The Singapore Exchange (SGX) tried to calm a nervous market on Wednesday by explaining why it had not imposed trading curbs on a stock that has plunged in value.
Earlier this month, the SGX imposed rare, tough curbs on three stocks whose share price had run up quickly and then crashed.
The restrictions imposed on the three stocks led to a broader market rout among penny stocks.
Nervous market players worry more mayhem may be in the offing, after logistics firm Sky One nosedived 80 per cent this week to 8.2 cents on Wednesday - it hit 48 cents only a fortnight ago.
Other penny stocks are highly volatile too.
But the SGX said curbs are not always appropriate. "Not all sharp price movements, whether up or down, warrant a suspension of the stock," it said in a statement.
In Sky One's case, the SGX said the circumstances revealed "no threat to fair, orderly and transparent trading", so it had not been suspended and curbs were "not necessary".
Curbs like a requirement for cash payment up front were imposed on the stocks "designated" by the SGX - Asiasons Capital, Blumont and LionGold. "Each occurrence has to be evaluated on its own merit in the context of circumstances of the case," it added.
In the case of the trio, a review showed "disorderliness in the market and a lack of transparency" which could threaten the fairness of trading. The curbs were aimed at helping the market find its own equilibrium, it said.
"For Blumont, Asiasons and LionGold, after the end of designation, the forces of supply and demand have reasserted themselves to determine the prices of the stocks. Normal trading conditions have resumed," it said.

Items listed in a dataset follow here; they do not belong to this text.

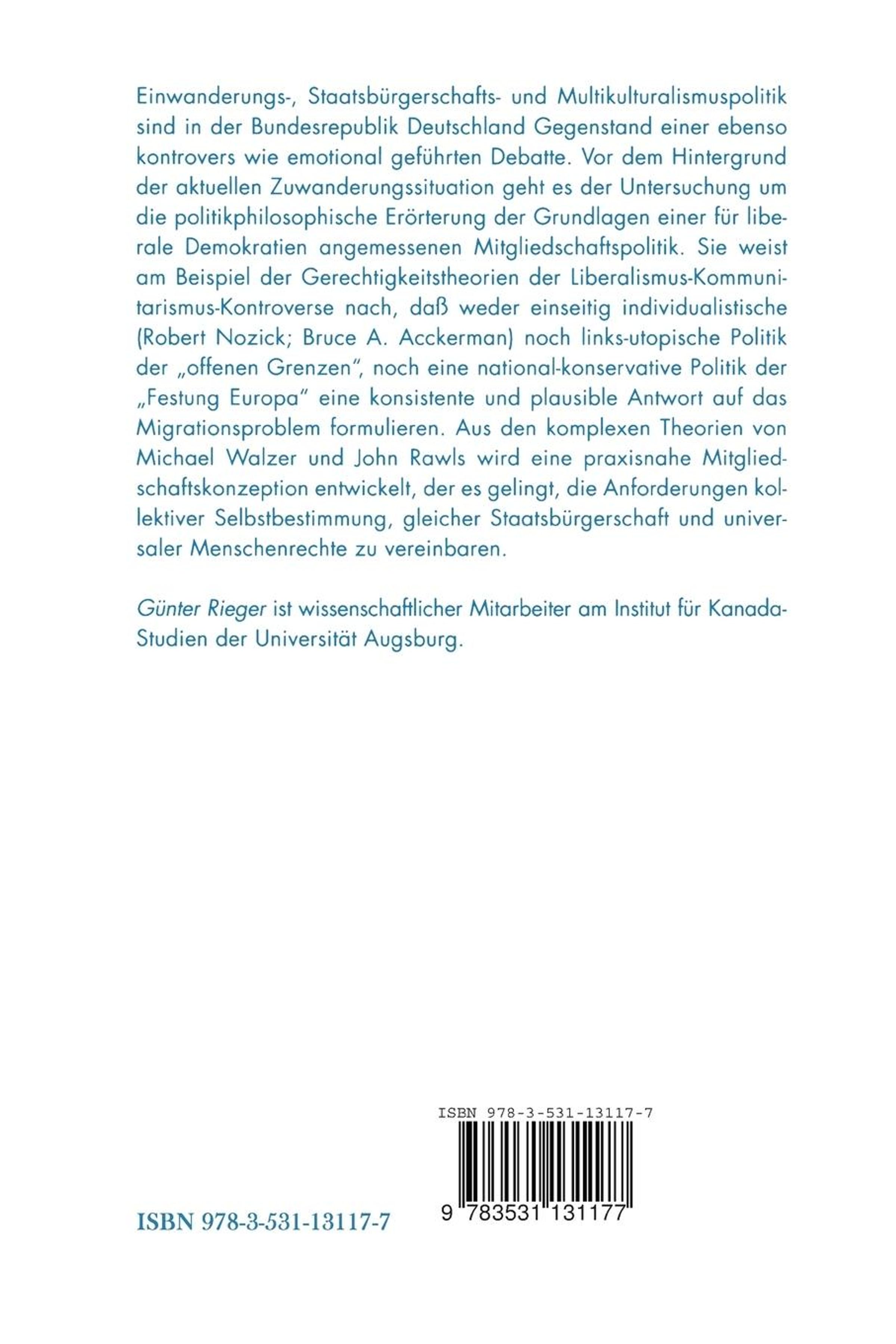 Einwanderungs-, Staatsbürgerschafts- und Multikulturalismuspolitik sind in der Bundesrepublik Deutschland Gegenstand einer ebenso kontrovers wie emotional geführten Debatte. Vor dem Hintergrund der aktuellen Zuwanderungssituation geht es der Untersuchung um die politikphilosophische Erörterung der Grundlagen einer für liberale Demokratien angemessenen Mitgliedschaftspolitik. Sie weist am Beispiel der Gerechtigkeitstheorien der Liberalismus-Kommunitarismus-Kontroverse nach, daß weder einseitig individualistische (Robert Nozick; Bruce A. Ackerman) noch links-utopische Politik der "offenen Grenzen", noch eine national-konservative Politik der "Festung Europa" eine konsistente und plausible Antwort auf das Migrationsproblem formulieren. Aus den komplexen Theorien von Michael Walzer und John Rawls wird eine praxisnahe Mitgliedschaftskonzeption entwickelt, der es gelingt, die Anforderungen kollektiver Selbstbestimmung, gleicher Staatsbürgerschaft und universaler Menschenrechte zu vereinbaren.
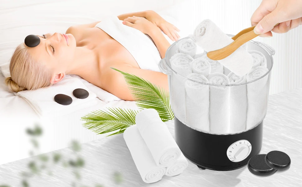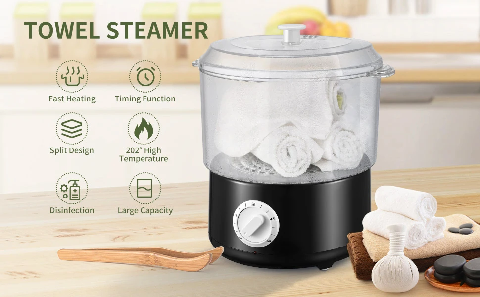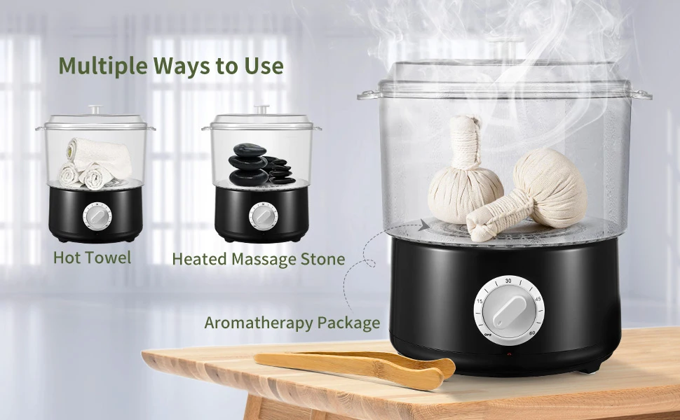 The towel steamer can heat towels, massage stones, incense bags and other products. Please pick up the hot towel with a clip to avoid burns.
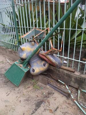 Dos sete brinquedos que existiam, apenas dois escorregadores ainda pode ser utilizados, mas, com restrições, porque as peças estão se soltado e o que poderia servir de diversão se transformou em materiais cortantes. Alguns já foram totalmente desmontados pela ação do tempo e por falta de zelo, foi o caso do carrossel e dos balanços. Para piorar, os banquinhos estão quebrados e o que sobrou acumula ferrugem.
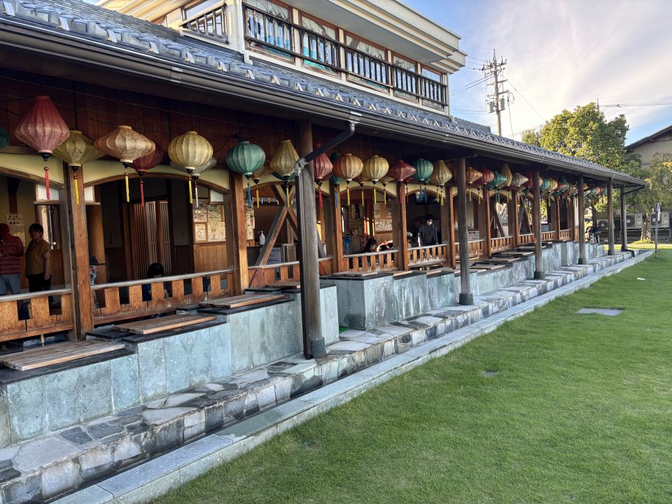 さて、時間も押してきたので本日のお宿、芦原温泉へ。バスを降りると、どー-んと足湯。 無料で利用できます。 バスで移動中、お宿からそう遠くない所に割と大きな地元のスーパーを 見つけたので、お宿にチェックイン後、ササっと買い物に出かけました。 持ち帰りたい地元の食材があったので、ここで永平寺御用達の米五みそと ソースカツ丼用のソースをゲット。 道中、ダンナがどこで道草くってるのか突然消える。 一体何を見つけたのか訝しんでると、ニマニマしながら田んぼから出てきた。 見て、見て~ と携帯を差し出すので見たら、とんびの写真を撮っていた らしい。ピー、ヒョロロ~。 変なものに興味示すねんな。 宿に戻ると、そろそろ晩御飯の時間。 部屋のシャワーでサッと汗だけ流して楽な服に着替えて ライブキッチンのビュッフェへいざ出陣。 すげー品数!! 目の前で握ってくれるお寿司、ステーキ、牛タン、蟹、 天ぷら、カレー、刺身、イタリアンから中華まで何でもある~。 その数80種! 食材はほぼ福井産というこだわりよう。 食べるのに夢中でブログ用の写真撮るの忘れた。 日本酒・ビール・ワイン・デザートも飲み放題、食べ放題。 しかし、大型連休でもないし、平日狙って行ったのに宿はけっこう混んでいて 人気のお料理はすげー行列だったので、ダンナと二手に分かれて食べたい物を ゲット。ワタシは○○取って来るから、あなたはxx取ってきて~ みたいな。 福井でしか食べられないというメギスという魚を食べたかったのに いつ挑戦しても焼いてる途中か持ってかれた後だった。残念! ダンナはエビマヨが気に入ったらしく何回も取りに行っておりました。 もぉ~、お腹パンパン。 部屋で少し休憩してから温泉タイム。 北陸最大級の露天風呂。 温泉で写真撮るのは難しいのでネットで拝借した写真を。 翌朝も5時半に起きて朝風呂。 極楽じゃー。
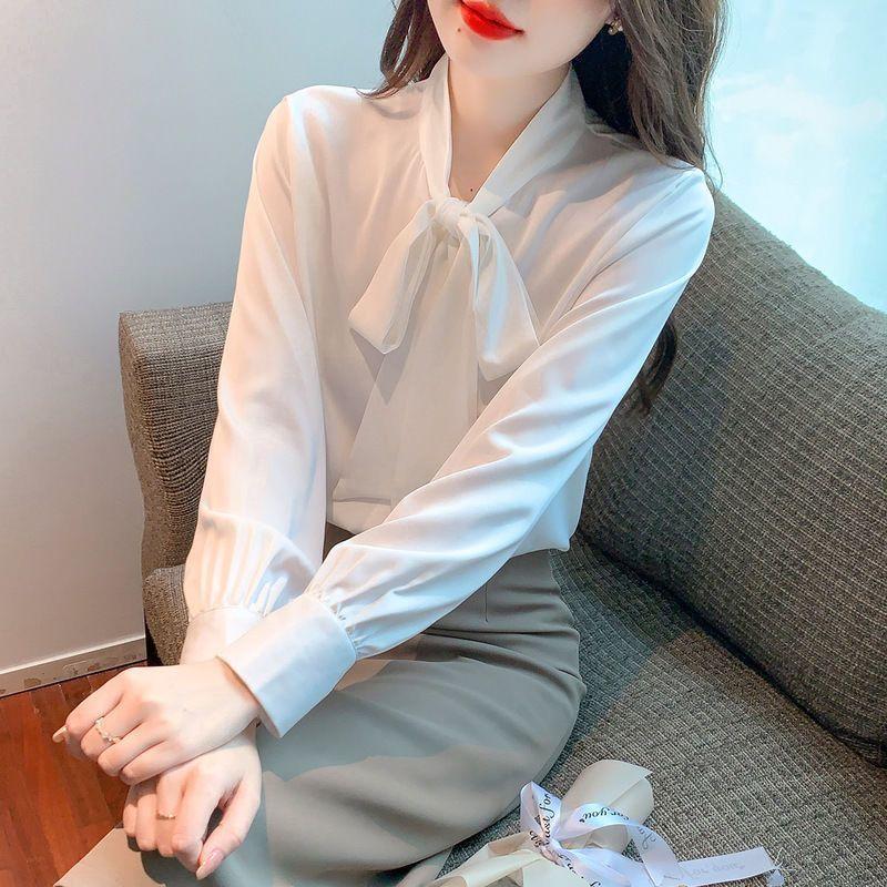 Осенняя шифоновая женская одежда Новая модная однотонная рубашка с длинным рукавом — купить товар онлайн с бесплатной доставкой по всему миру!
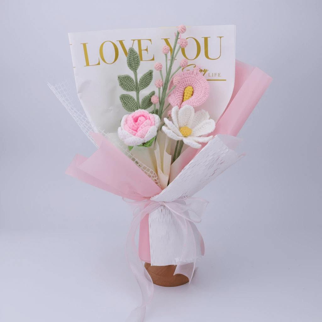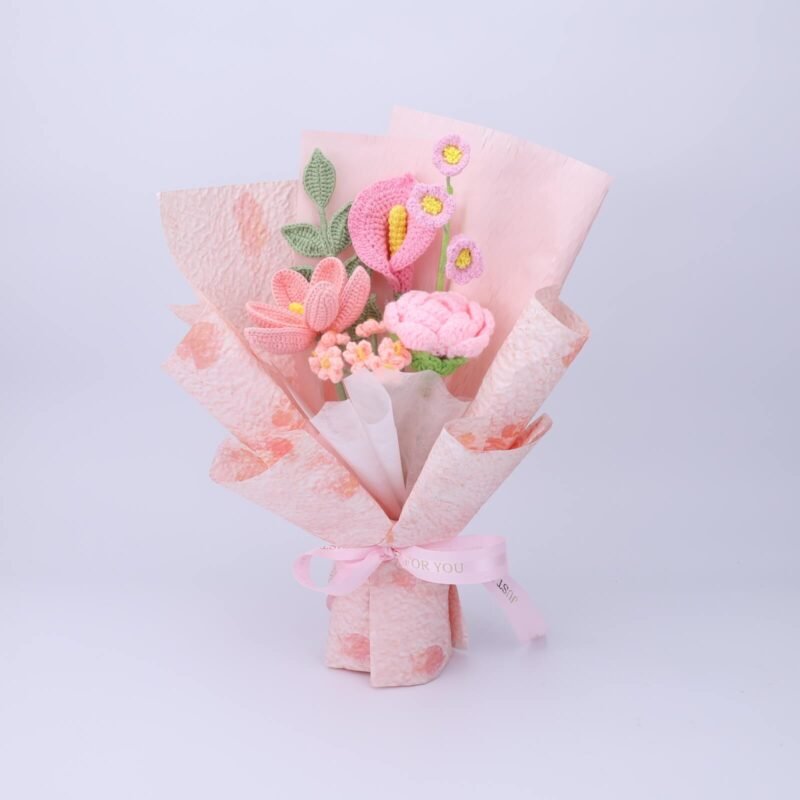 Handmade Crochet Flower Bouquet | Romantic Pink Collection
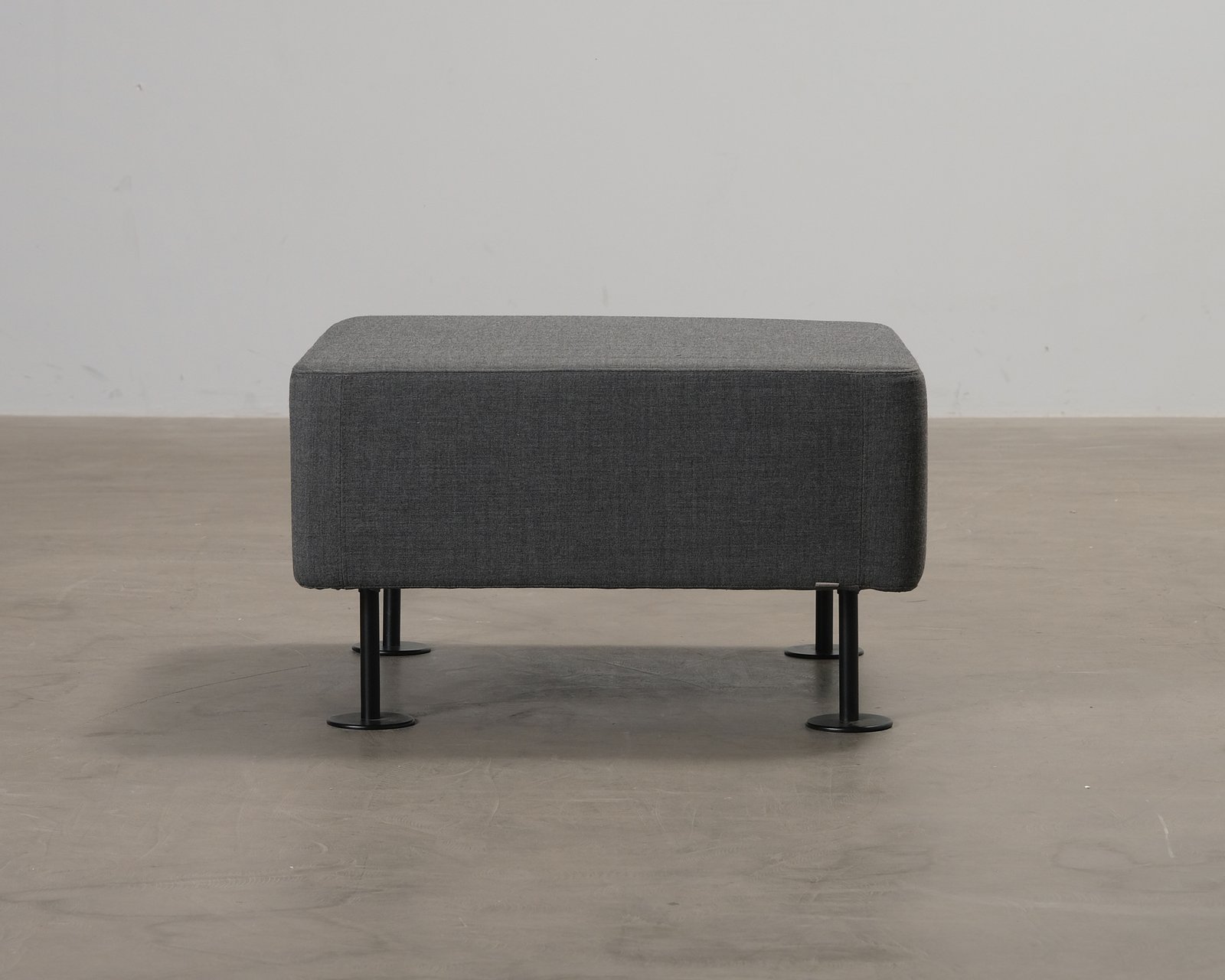 Profim WALL IN 20 är en minimalistisk och tidlös fotpall som passar för kontor och offentliga utrymmen, men också för privata hem. Den är klädd i grått tyg och har svarta metallben. Små spår av användning. Helhetsintrycket är fint.
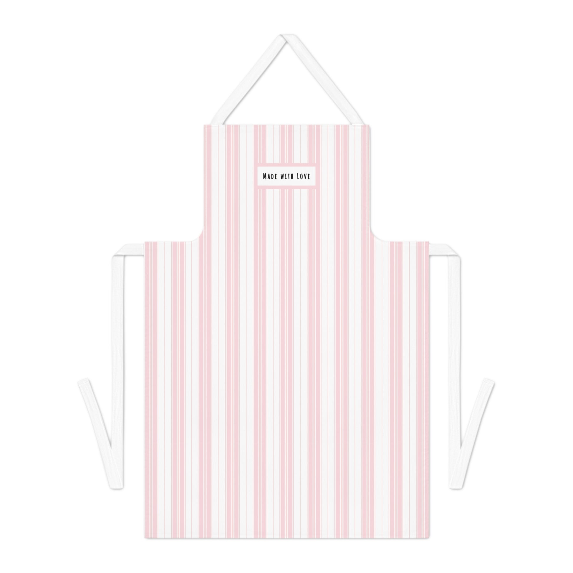 Cook with our "Made with Love" pink, pinstriped, Adult Kitchen Apron! With full coverage, you can cook in style! Make all of their favorites with this fun, pinstriped apron! This is a great gift for the baking/ cooking enthusiast in your life or a perfect Mother's day surprise!

But this week, a new crop of penny stocks again rattled the market with wild price gyrations.
Market jitters increased after several stockbroking firms imposed trading curbs on many of these penny stocks, triggering panic selling. The most drastic was by UOB Kay Hian, which has restricted trading on 56 counters.
"Restricting trading on stocks is a big risk management call. It's not something broking houses want to do as they are forgoing business," said a broker.
Construction firm Swee Hong and engineering company Tritech Group dipped by about 40 per cent over this week. OKH Global fell 14 per cent this week, though its price recovered on Wednesday, closing up 5 per cent to 64.5 cents.
Some market players worry about wider repercussions. "This episode has led to a loss of market confidence, as reflected by trading volumes. If traders don't know how to discriminate the good from the bad counters, we could see a dead market over the next two years," said a former head of a big stockbroking firm.